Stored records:

◆ ◆ ◆

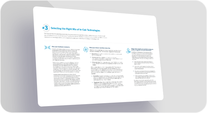 #3 Selecting the Right Mix of In-Cab Technologies Now that you have the operating system identified and a device management process in place, how do you choose the right type of hardware for your in-cab experience? Just like the consumer hardware market, the choices for displays and other in-cab equipment are seemingly endless, so it is important to weigh your options by considering the following points: How your hardware connects: What your drivers’ workflow looks like: Which other benefits are available to help you It starts with determining how your vehicle’s hardware When it comes to selecting the displays themselves, you have a lot of justify an upgrade in in-cab connectivity? components will connect and communicate with choices to consider, too. The three main categories of displays are: In addition to thinking about the hardware itself, it each other and the back office. Some more basic | Proprietary: These displays are manufactured exclusively for your is equally important to consider what the hardware configurations connect the telematics box with the in- technology provider. can enable and how this can help you justify the cab display via Bluetooth, using the display’s wireless investment. By taking the time to invest in new network to connect each component. Another | Commercial: These displays are made by third-party technology, you should also look at the full range of common configuration is to use wireless connectivity manufacturers like Samsung and can be purchased either through options available from your technology provider. Do on both the telematics box and the in-cab display and your technology provider or off the shelf. they offer: pair them in the cloud. | Video and other safety-related technology to Both of these options present challenges: the first | Bring your own: The “bring your own device” (BYOD) model relies improve liability protection and driver coaching option depends on a less-than-reliable Bluetooth on your drivers to use their own cell phones or tablets as an in-cab opportunities? connection and the telematics box only works if display. the display is in the cab to connect to. Pairing the Which options does your technology partner offer? For enterprise | Truck-safe in-cab navigation to enhance driver telematics box and display in the cloud also presents fleets looking to have more control over the management of the efficiency, reduce out of route miles and increase challenges: since it relies on wireless networks, the displays and the user experience, proprietary and commercial grade overall fuel economy? box and display will not be able to communicate with choices are likely to make the most sense. Even these options come | Electronic scanning and document management each other if there are any disruptions in coverage. with many choices. When looking at display types, remember to to eliminate paperwork and streamline the flow of Instead, fleets should look at a more robust consider: information across your fleet? connection in the cab, leveraging wireless networks | Portability: Do your drivers do work outside the cab that requires | What integrations are available to other in-cab via the telematics box and connecting it to the in- electronic signature capture? What about electronic driver vehicle technology providers that might further improve cab display via Wi-Fi. Connecting via Wi-Fi not only inspection reports? If so, perhaps a portable tablet might be how your fleet and drivers operate? ensures a connection between the display and the preferred over a fixed-mount display. telematics box even in spotty coverage areas but it By taking a more holistic approach to your new enables you to connect a wide range of other on- | Toughness: Regardless of your fleet or load type, the trucking technology investment, you can identify and uncover vehicle components and gather additional data on industry can be a rugged environment to operate in. Do you new opportunities for further ROI and make the most vehicle and driver performance. operate in extreme weather conditions or in particularly tough of this change to discover additional ways to enhance conditions? If so, you may want to consider a ruggedized device how your business operates. that is built specifically for the rigors of the industry.
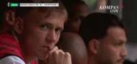 第19分钟,镜头给到替补席,多特新援拜尔替补待命
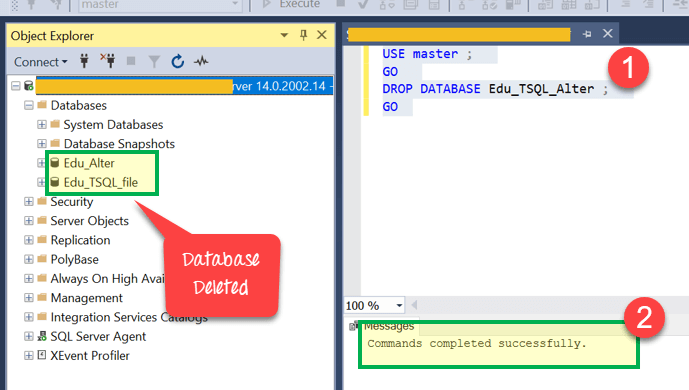 结果:“Edu_TSQL_Alter”已从“对象资源管理器”数据库列表中删除。
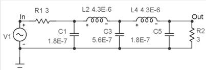 – фильтр Чебышева 5-го порядка с максимальным коэффициентом отражения 10%
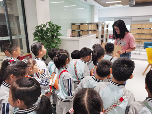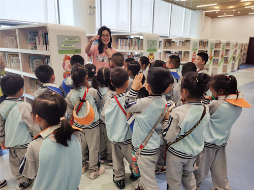 活动开始后,孩子们跟随着葛老师的指引,分别有序地参观了图书馆一楼部分区域:大厅景观“智慧的水滴”、图书借阅室、视障人士阅览室以及童·阅空间。

◆ ◆ ◆

What you are asked to do: The lines from the one containing "第19分钟,镜头给到替补席,多特新援拜尔替补待命" through the end of the data above are to be copied exactly, both ends included, and pictures are to be omitted.

Solution below:
 第19分钟,镜头给到替补席,多特新援拜尔替补待命
 结果:“Edu_TSQL_Alter”已从“对象资源管理器”数据库列表中删除。
 – фильтр Чебышева 5-го порядка с максимальным коэффициентом отражения 10%
 活动开始后,孩子们跟随着葛老师的指引,分别有序地参观了图书馆一楼部分区域:大厅景观“智慧的水滴”、图书借阅室、视障人士阅览室以及童·阅空间。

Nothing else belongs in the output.